第40章 国子监
陆轻柔丝毫不给他面子:“误会?什么误会,颜儿是平妻,难道就要处处矮一头吗?贤婿难道就要放纵墨雅望这个女人那样欺负颜儿吗?动辄禁足十天半个月,当初贤婿在大婚时娶颜儿的时候,可是当着一众宾客的面说过不会亏待颜儿的!”
陈立晟面色难看的闭了嘴。
他很是想反驳,他和墨惜颜之间的婚事分明是被赶鸭子上架逼着成婚的。可偏生他又没法儿给陆轻柔这个国公夫人难堪。

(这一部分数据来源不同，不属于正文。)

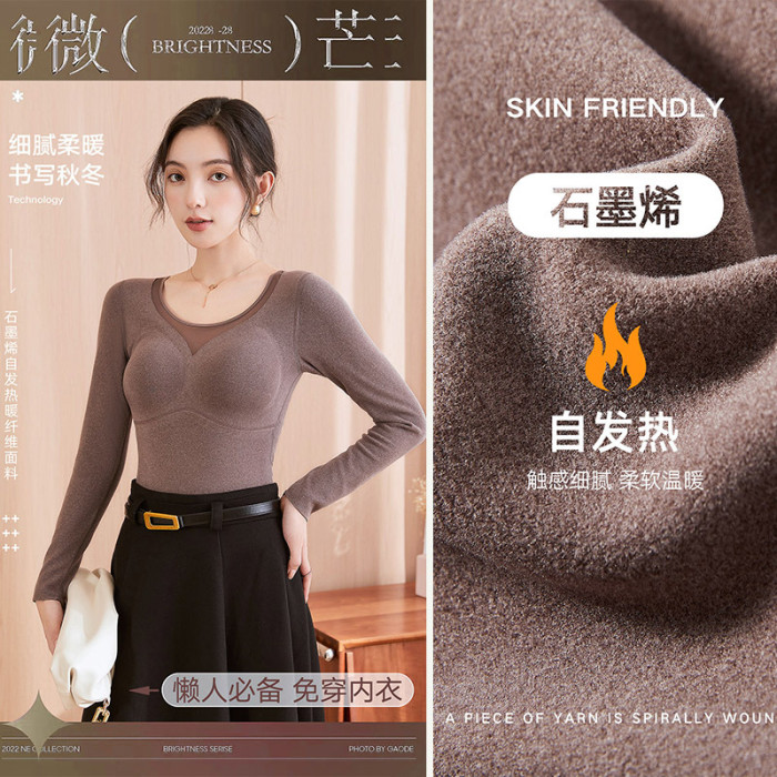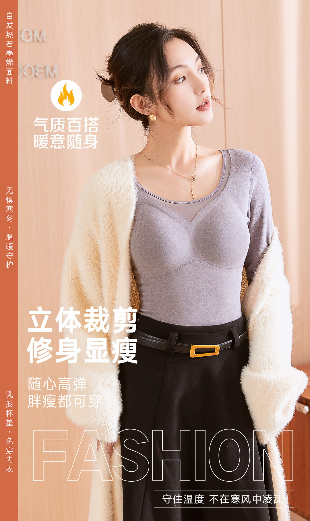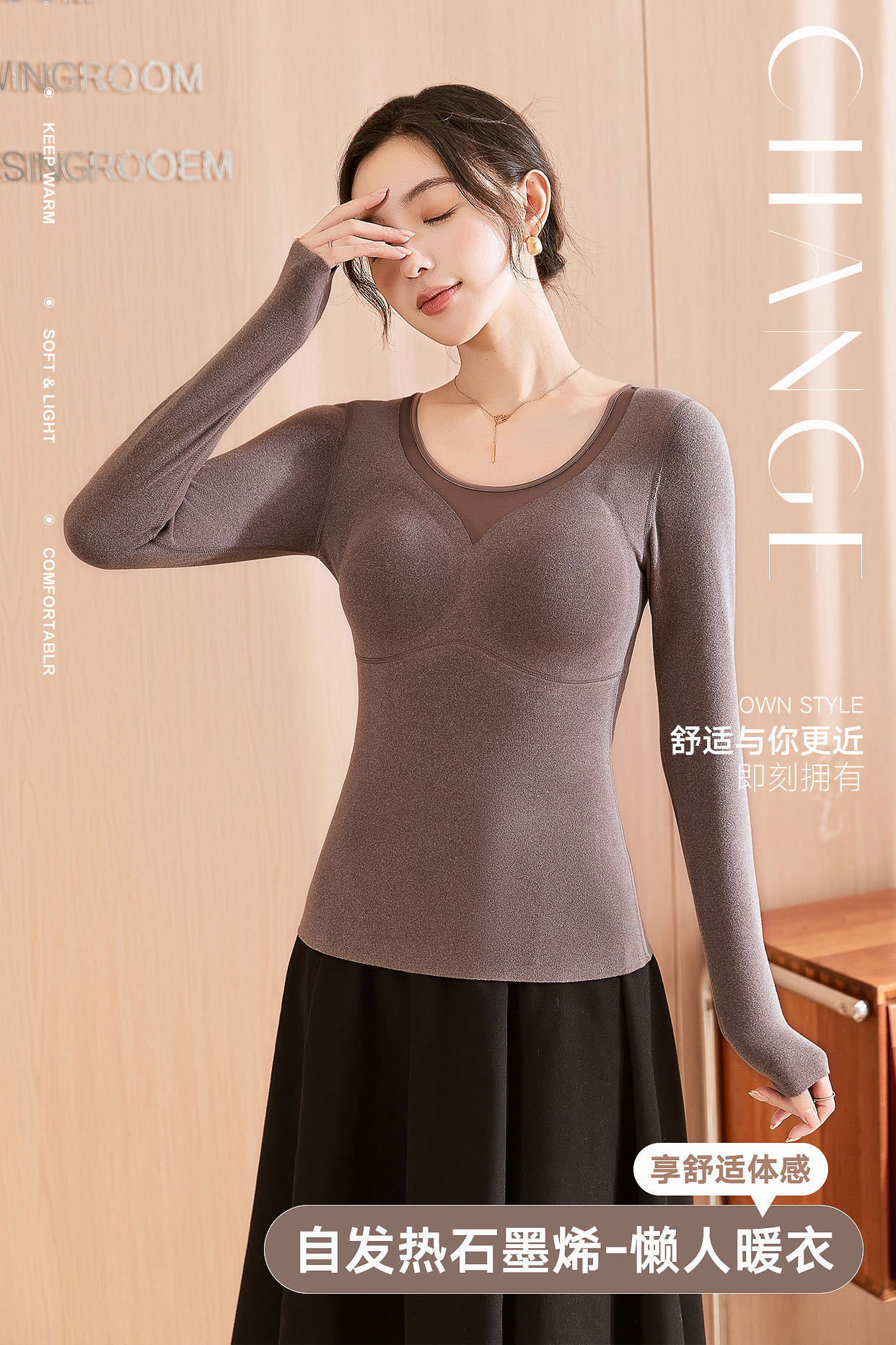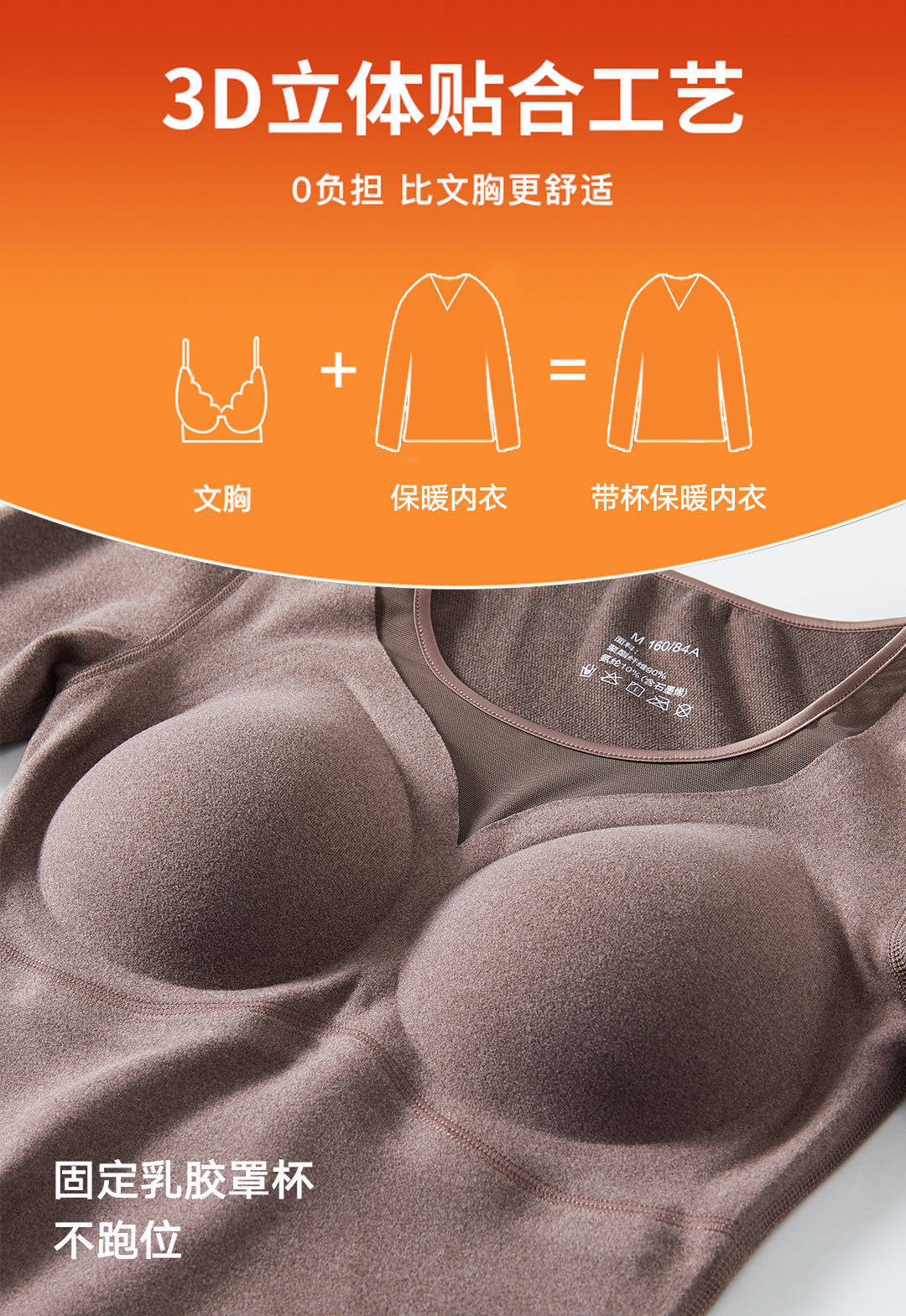 石墨烯自髮熱保暖背心女固定杯長袖無痕無鋼圈文胸塑身3D有型內衣

墨雅望挑了一叶眉,直接开怼:“陆轻柔,你要说理是吧?墨惜颜用红胭脂假作疹子陷害本夫人,妾室不安分,区区禁足还是给她脸了,你想如何说理,去国公府还是去大理寺?”
“你!”陆轻柔本是来给陈立晟施压,至少让她的颜儿能好好的过个生辰宴,未曾想墨雅望也在这儿。
“你什么你,再教你女儿在我面前蹦哒,我不保证她能活多久!”墨雅望一个跨步,以自己的纸伞撞歪了陆轻柔的伞。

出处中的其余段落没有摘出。